* **Exercise goal**:
From the first line to the last, transcribe the data exactly and skip the pictures.

* **Stored data**:
▼

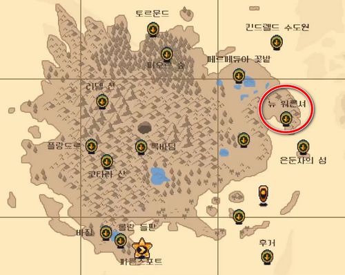 뉴 워른셔는 은둔자의 섬에서 북서쪽에 위치하고 있습니다. 비행선이 개방되면 가장 먼저 방문해 볼 수 있는 가까운 거리입니다.
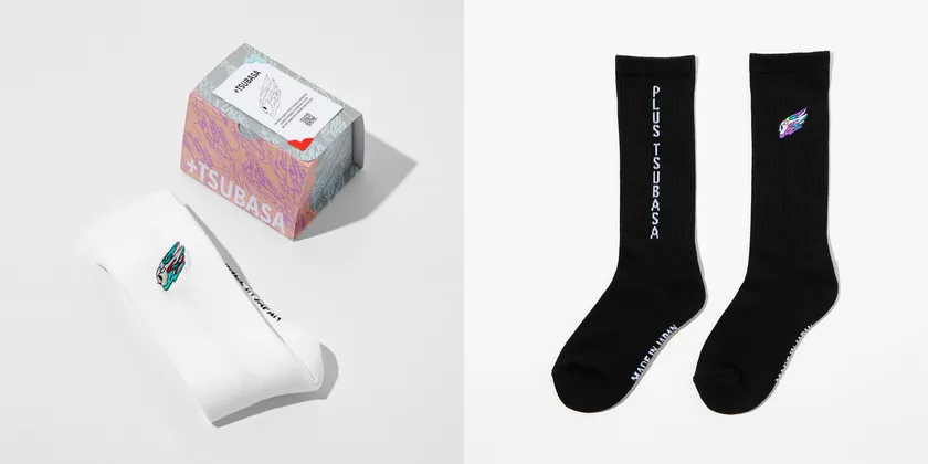 本物のスニーカーとアートの中のスニーカー。リアルと2次元でのお揃いをお楽しみいただけます。また、カルヴィンによるプラスツバサのアイコンデザインのソックスや、天然素材100%で作られたスニーカー専用抗菌パフュームなどのアイテムも登場。
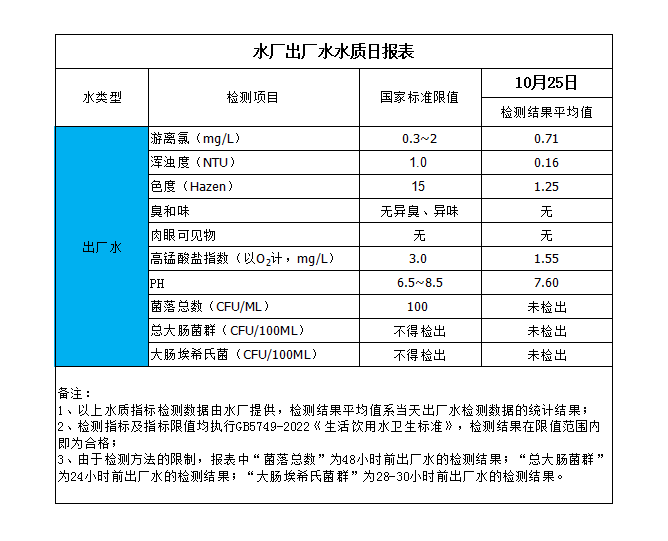 水廠出廠水水質日報表(2023-10-25)
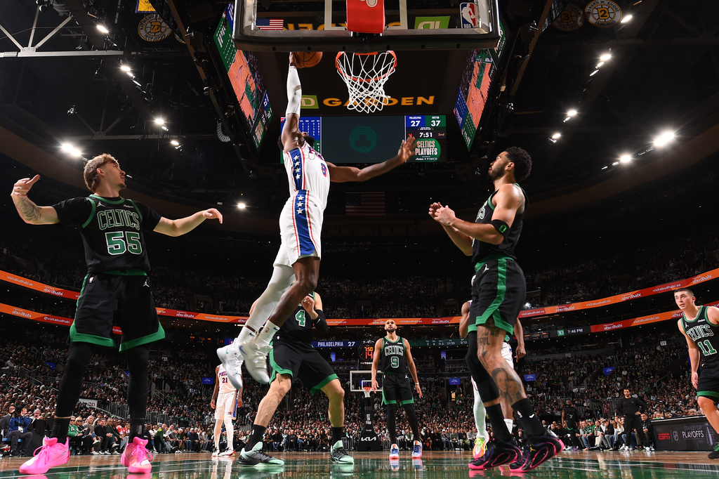 比赛上半场,凯尔特人整体状态更为稳定。首节开局,76人由保罗·乔治连续命中两记三分球,取得8比2的领先优势。随后凯尔特人杰伦·布朗通过不断冲击篮下帮助球队止血,76人方面泰瑞斯·马克西和VJ·埃奇库姆及时回应,场上比分保持胶着。首节后半段,杰森·塔图姆和布朗连续突破得手,凯尔特人完成反超。节末阶段,马克西多次利用个人突破紧咬比分,首节结束时,凯尔特人以23比21领先76人。
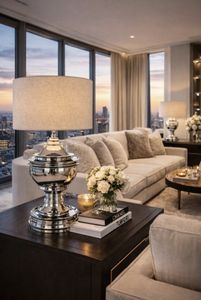 Bordlampe Spring Hill 28x53Cm Black Nickel med sandfarget skjerm
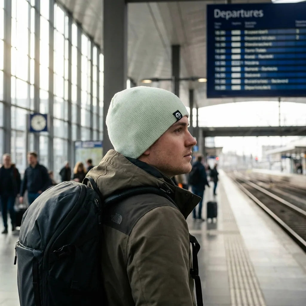 Beanie gorro invierno viajero estación aeropuerto bonoboss
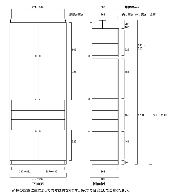 - ■外寸奥行40cm×高さ241~250cm×幅81~90cm(幅は1cm単位でオーダーできます)
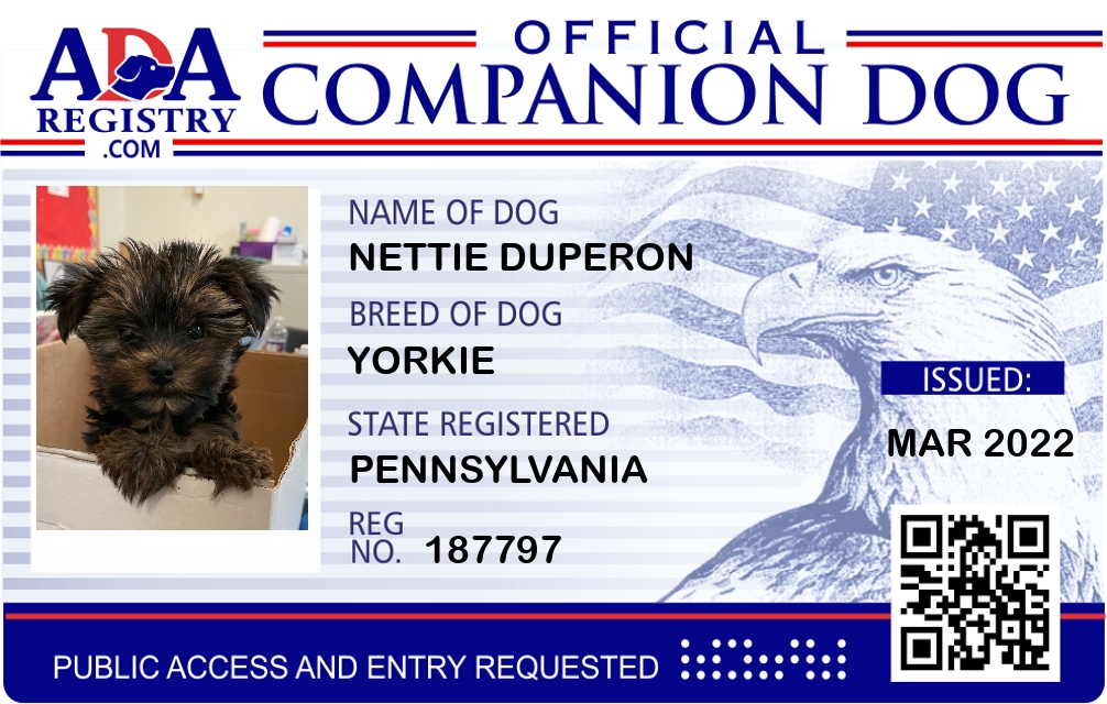 Companion Dog Registration for Nettie Duperon

▲

* **Result for this task**:
 뉴 워른셔는 은둔자의 섬에서 북서쪽에 위치하고 있습니다. 비행선이 개방되면 가장 먼저 방문해 볼 수 있는 가까운 거리입니다.
 本物のスニーカーとアートの中のスニーカー。リアルと2次元でのお揃いをお楽しみいただけます。また、カルヴィンによるプラスツバサのアイコンデザインのソックスや、天然素材100%で作られたスニーカー専用抗菌パフュームなどのアイテムも登場。
 水廠出廠水水質日報表(2023-10-25)
 比赛上半场,凯尔特人整体状态更为稳定。首节开局,76人由保罗·乔治连续命中两记三分球,取得8比2的领先优势。随后凯尔特人杰伦·布朗通过不断冲击篮下帮助球队止血,76人方面泰瑞斯·马克西和VJ·埃奇库姆及时回应,场上比分保持胶着。首节后半段,杰森·塔图姆和布朗连续突破得手,凯尔特人完成反超。节末阶段,马克西多次利用个人突破紧咬比分,首节结束时,凯尔特人以23比21领先76人。
 Bordlampe Spring Hill 28x53Cm Black Nickel med sandfarget skjerm
 Beanie gorro invierno viajero estación aeropuerto bonoboss
 - ■外寸奥行40cm×高さ241~250cm×幅81~90cm(幅は1cm単位でオーダーできます)
 Companion Dog Registration for Nettie Duperon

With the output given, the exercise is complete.